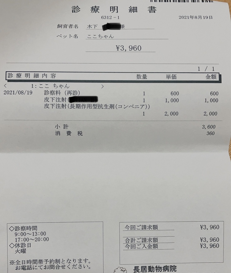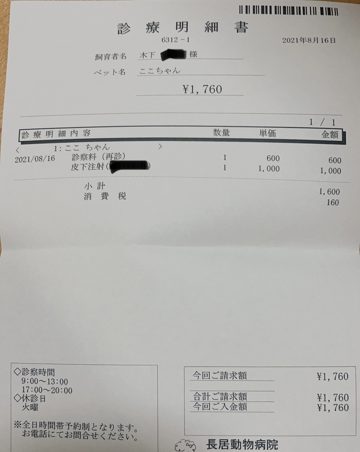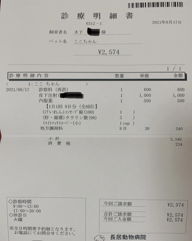 +接種費用等+カプセル投薬(10日分)=207.108円
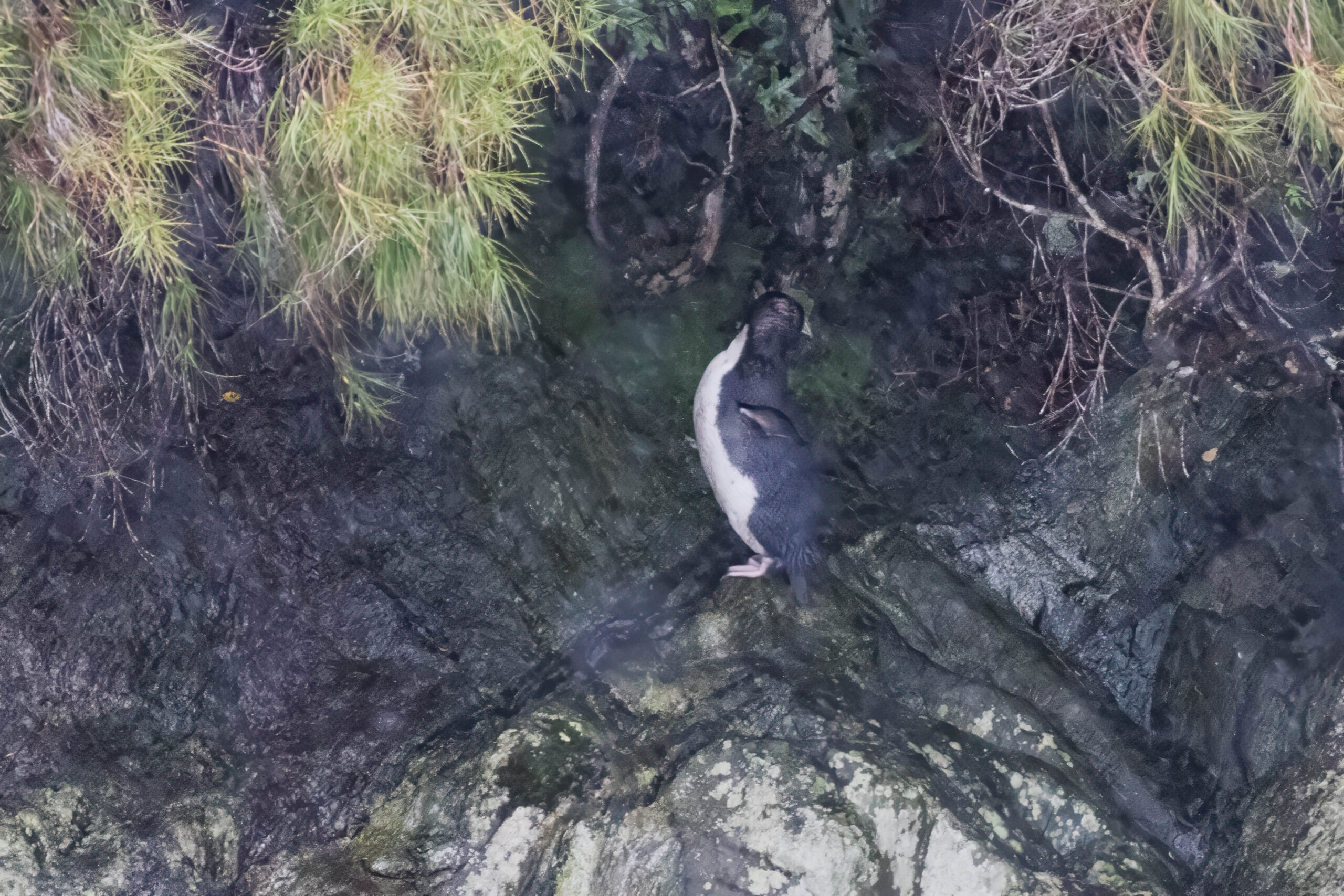We had a brief spotting of a pair of the Fiordland penguins, but they didn’t like the boat and quickly headed back into their burrow, before arriving at the final permanent waterfall on our cruise, the Lady Alice Falls. After this we retraced our route to Deep Cove Harbour and, I confess, even I dozed a little bit, as did Bernie! The weather had really closed in and there was nothing new to see at this point, so that made it a bit hard to stay awake.
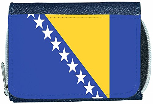 Binding : Apparel Product Description High quality wallet - Bosnia and Herzegovina Flag Denim Wallet. Denim back, printed front flap. Full zip opens on divided area for two coin sections. Flap area over 4/5 credit card sections, clear photograph/ID section and large note section. 0
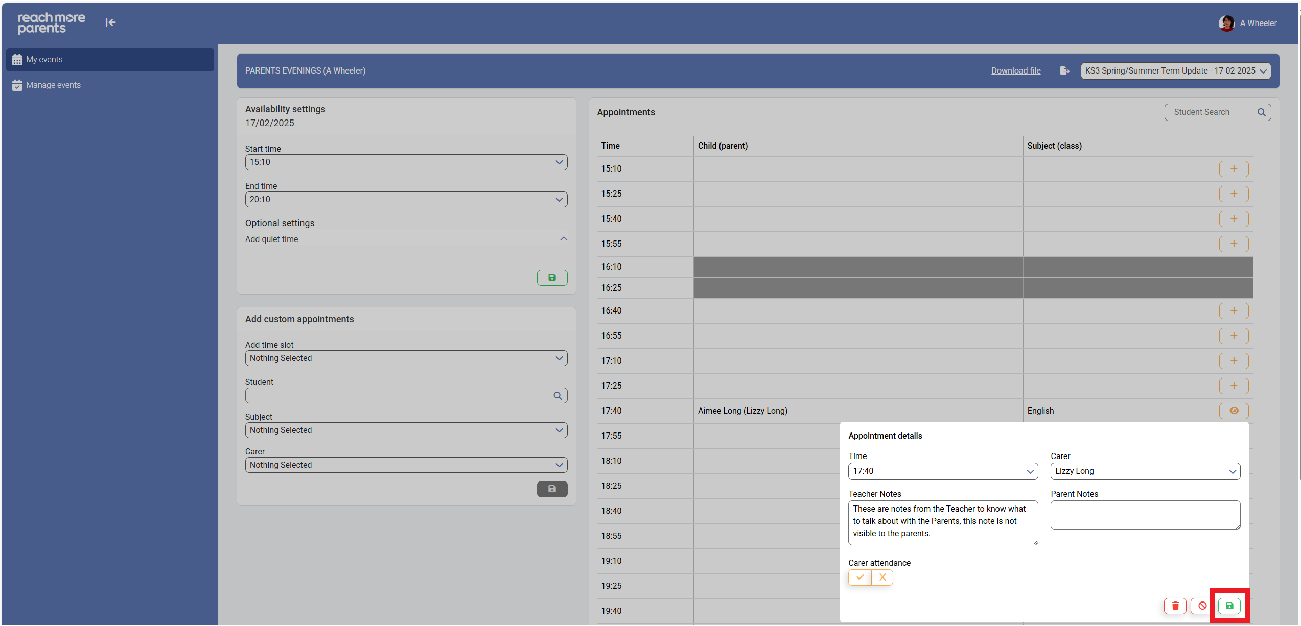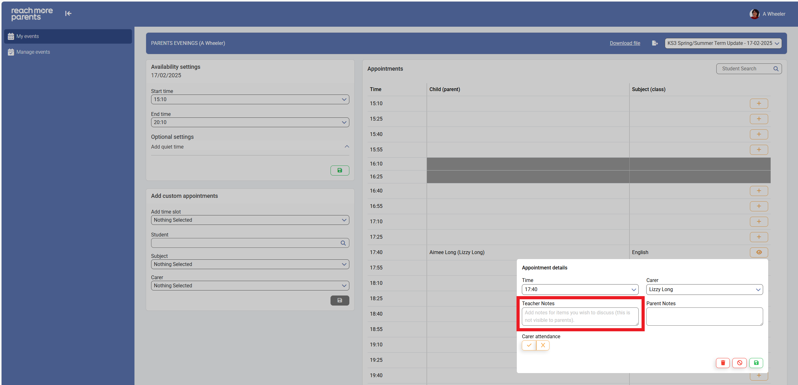 Sometimes, we have specific things that we need to discuss with a Parent / Carer during an appointment with them. Within the Appointment Details screen, you can add a note to remind yourself of key talking points without the parent being able to see these musings prior to the appointment.
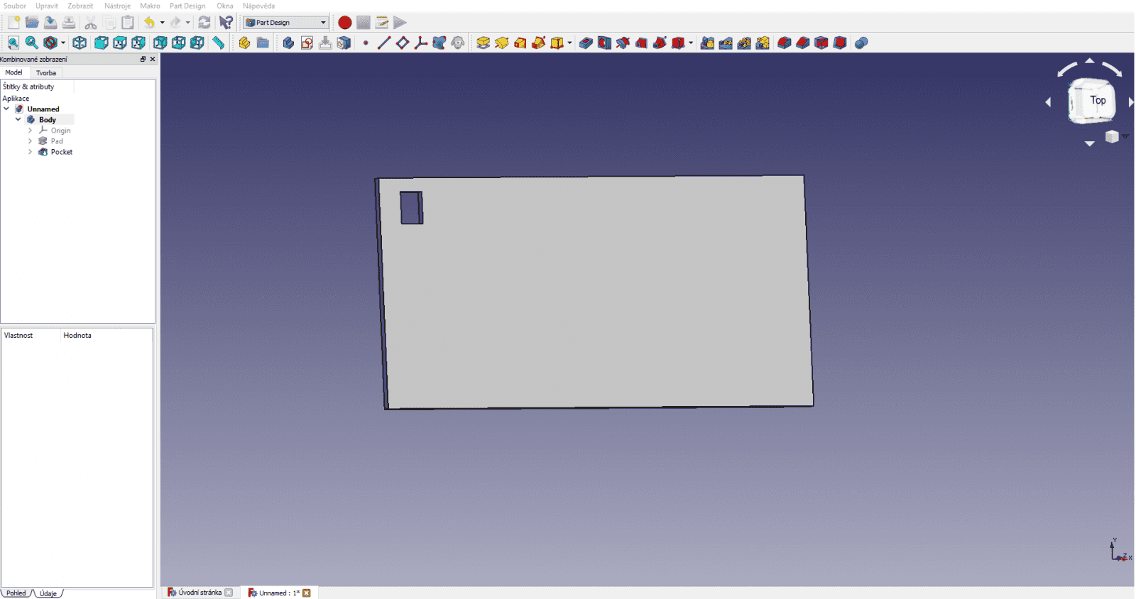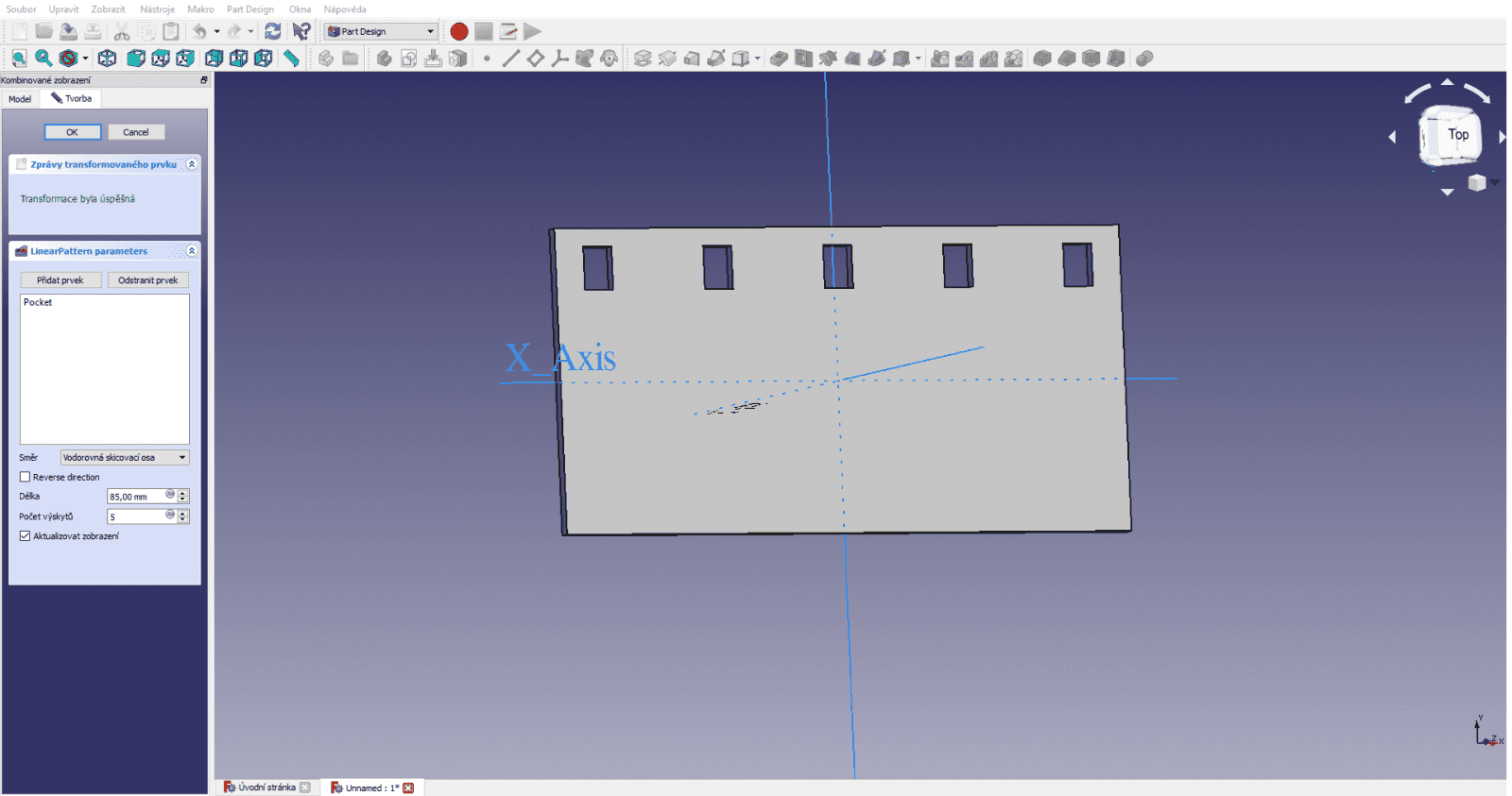 Nastane případ, kdy budete chtít na vašem modelu stejný prvek několikrát se stejným rozestupem. Jedna možnost je vytvořit několik náčrtů. To je však zdlouhavé a člověk u toho snadno udělá chybu. Proto existuje možnost vytvořit si pole prvků. Ukážeme si to na jednoduchém příkladu desky a obdélníkového výřezu.
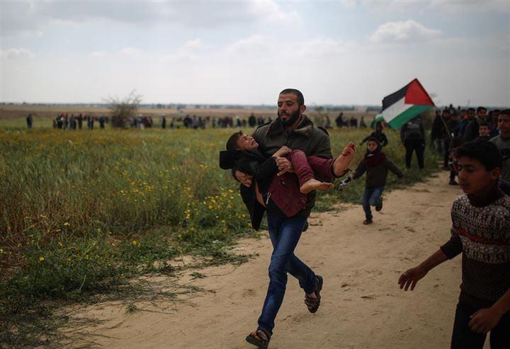 Sınırın diğer tarafındaki İsrail güçlerinin göstericilere müdahale etmesi sonucu yaralanan bir Filistinli, çevredeki vatandaşlar tarafından bölgeden uzaklaştırıldı.
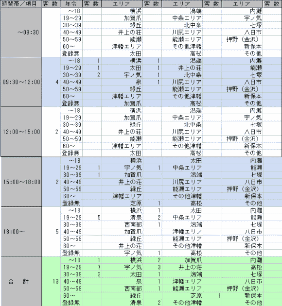 単純に来店時間をレポートするのではなく、エリア別等様々な条件にてレポートできてこそ、次
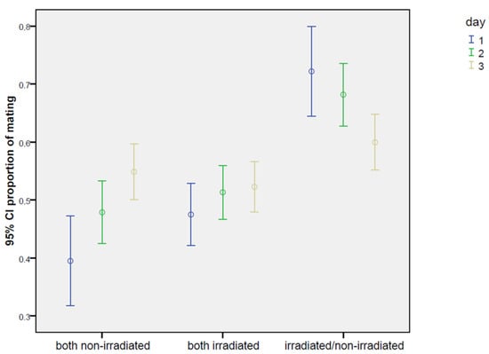 The second experiment confirmed and extended these findings by examining the competitiveness of males irradiated at 80 Gy in no-choice and choice tests over three days of observation (Figure 5).
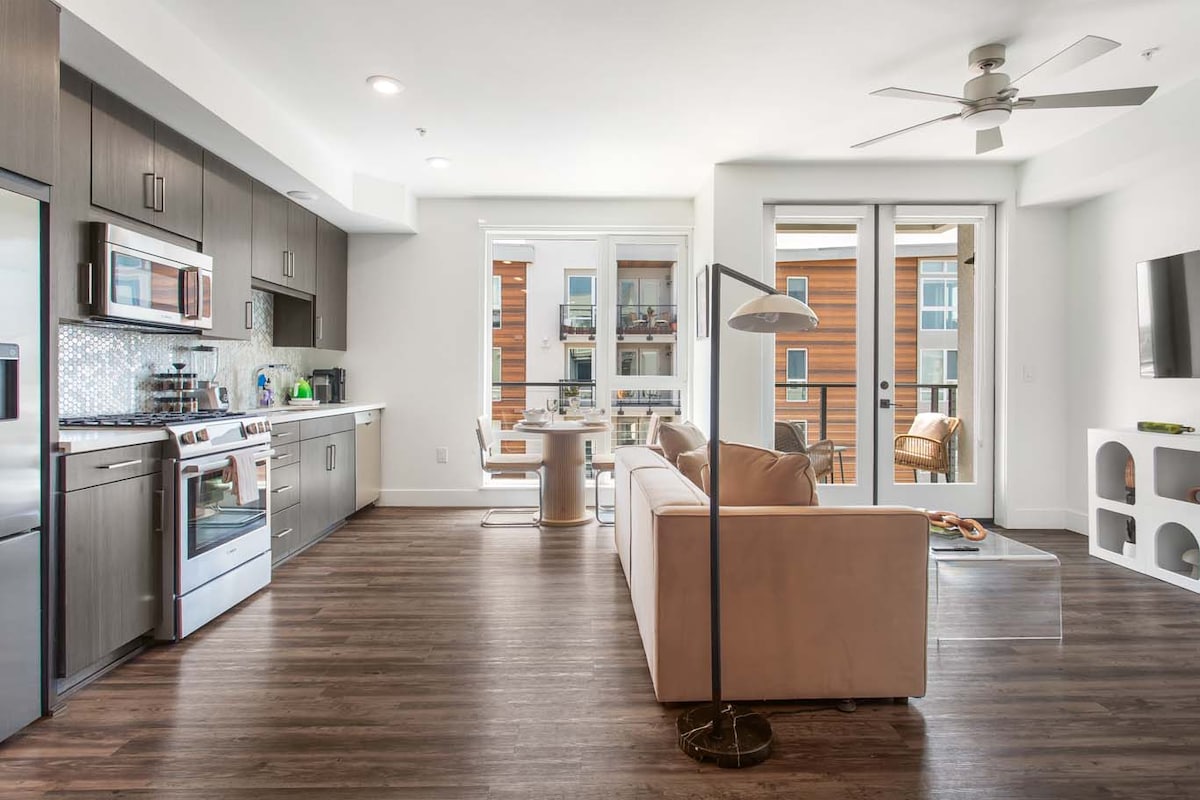 Welcome to your cozy Santa Monica stay! Bright, spacious, and modern one bed/one bath in the heart of downtown Santa Monica. Your home away from home is only a short and beautiful walk to the Pier, Beach, Third Street Promenade, and Santa Monica Place. Whether you're in town for work or vacation, this space is perfect! Enjoy a private balcony, comfy queen bed with hotel-style linens, fast Wi‑Fi, equipped kitchen, full bath, easy self check‑in, and a parking garage for your convenience.
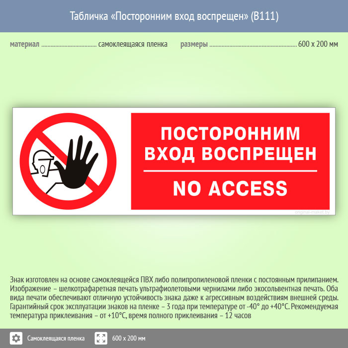 Табличка «Посторонним вход воспрещен», B111 (пленка, 600х200 мм) в Омске купить
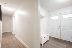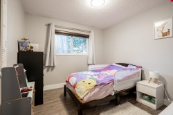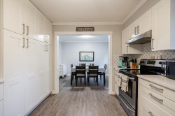 Lovingly maintained rancher tucked away on a quiet street. 3bed/2bath w/ fully fenced yard, dedicated shed, 281sqft deck & park view. Renovated bright modern kitchen w/ abundant custom soft-close cabinets, stainless steel appliances, & backsplash; open to dining room on one side & dedicated laundry area w/ front loading Samsung washer/dryer & backyard access on the other. Bright living room w/ oversized window for natural light, updated electric fireplace & pot lights installed same time as new vinyl flooring (uniform throughout home). Primary bedroom w/ wainscotting & 4pc updated ensuite w/ jetted soaker tub. 2 additional bedrooms & 4pc main bathroom. Private backyard w/ new retaining wall & cedar fence stained to match deck. Walking distance to schools/parks./trails.
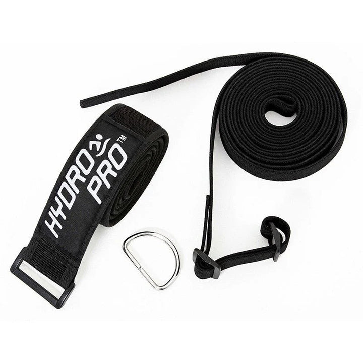 Stationary swim trainer that lets you practice strokes in a small pool by tethering to the wall.
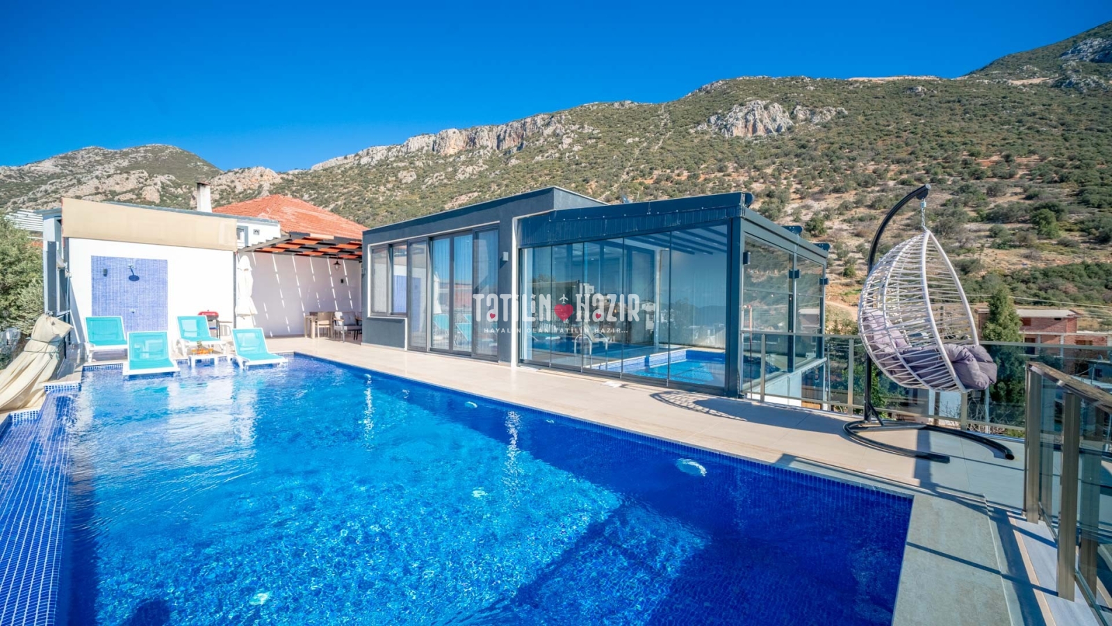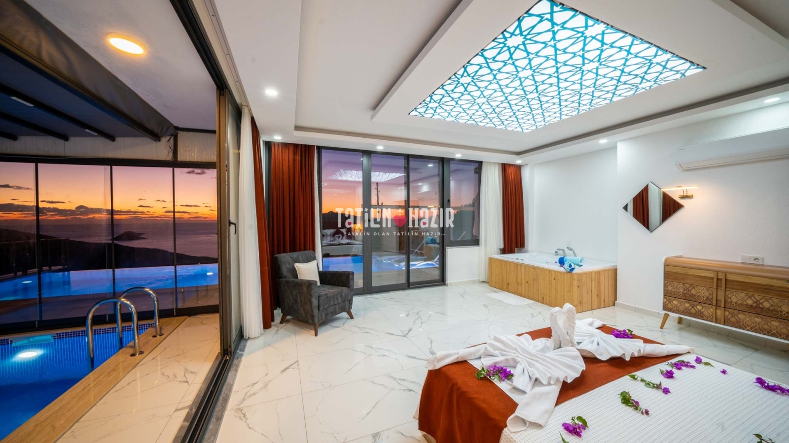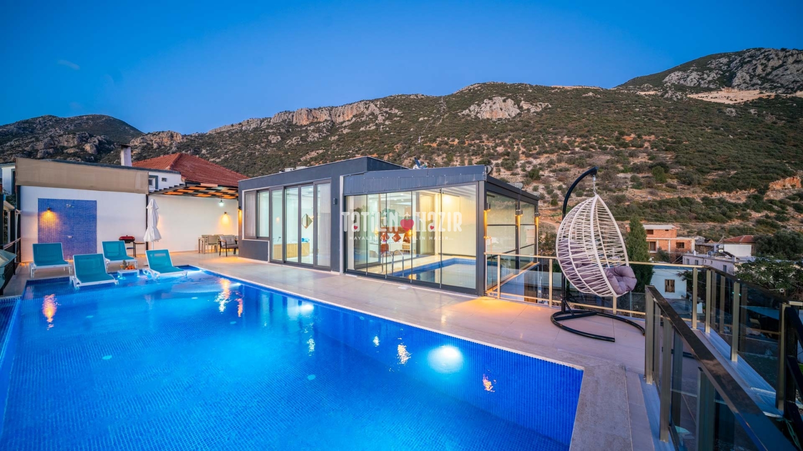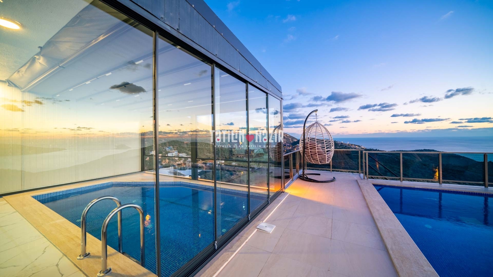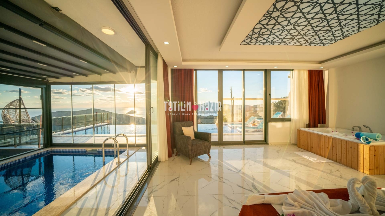 Havuz ısıtma ücreti extra 1000 tl'dir. İç havuzun üst ve yan camları istenildiği taktirde açılıp kapanabilmektedir. .

——————

What is required:
Print the listing word for word, but omit the pictures.

Answer for the task:
 +接種費用等+カプセル投薬(10日分)=207.108円
We had a brief spotting of a pair of the Fiordland penguins, but they didn’t like the boat and quickly headed back into their burrow, before arriving at the final permanent waterfall on our cruise, the Lady Alice Falls. After this we retraced our route to Deep Cove Harbour and, I confess, even I dozed a little bit, as did Bernie! The weather had really closed in and there was nothing new to see at this point, so that made it a bit hard to stay awake.
 Binding : Apparel Product Description High quality wallet - Bosnia and Herzegovina Flag Denim Wallet. Denim back, printed front flap. Full zip opens on divided area for two coin sections. Flap area over 4/5 credit card sections, clear photograph/ID section and large note section. 0
 Sometimes, we have specific things that we need to discuss with a Parent / Carer during an appointment with them. Within the Appointment Details screen, you can add a note to remind yourself of key talking points without the parent being able to see these musings prior to the appointment.
 Nastane případ, kdy budete chtít na vašem modelu stejný prvek několikrát se stejným rozestupem. Jedna možnost je vytvořit několik náčrtů. To je však zdlouhavé a člověk u toho snadno udělá chybu. Proto existuje možnost vytvořit si pole prvků. Ukážeme si to na jednoduchém příkladu desky a obdélníkového výřezu.
 Sınırın diğer tarafındaki İsrail güçlerinin göstericilere müdahale etmesi sonucu yaralanan bir Filistinli, çevredeki vatandaşlar tarafından bölgeden uzaklaştırıldı.
 単純に来店時間をレポートするのではなく、エリア別等様々な条件にてレポートできてこそ、次
 The second experiment confirmed and extended these findings by examining the competitiveness of males irradiated at 80 Gy in no-choice and choice tests over three days of observation (Figure 5).
 Welcome to your cozy Santa Monica stay! Bright, spacious, and modern one bed/one bath in the heart of downtown Santa Monica. Your home away from home is only a short and beautiful walk to the Pier, Beach, Third Street Promenade, and Santa Monica Place. Whether you're in town for work or vacation, this space is perfect! Enjoy a private balcony, comfy queen bed with hotel-style linens, fast Wi‑Fi, equipped kitchen, full bath, easy self check‑in, and a parking garage for your convenience.
 Табличка «Посторонним вход воспрещен», B111 (пленка, 600х200 мм) в Омске купить
 Lovingly maintained rancher tucked away on a quiet street. 3bed/2bath w/ fully fenced yard, dedicated shed, 281sqft deck & park view. Renovated bright modern kitchen w/ abundant custom soft-close cabinets, stainless steel appliances, & backsplash; open to dining room on one side & dedicated laundry area w/ front loading Samsung washer/dryer & backyard access on the other. Bright living room w/ oversized window for natural light, updated electric fireplace & pot lights installed same time as new vinyl flooring (uniform throughout home). Primary bedroom w/ wainscotting & 4pc updated ensuite w/ jetted soaker tub. 2 additional bedrooms & 4pc main bathroom. Private backyard w/ new retaining wall & cedar fence stained to match deck. Walking distance to schools/parks./trails.
 Stationary swim trainer that lets you practice strokes in a small pool by tethering to the wall.
 Havuz ısıtma ücreti extra 1000 tl'dir. İç havuzun üst ve yan camları istenildiği taktirde açılıp kapanabilmektedir. .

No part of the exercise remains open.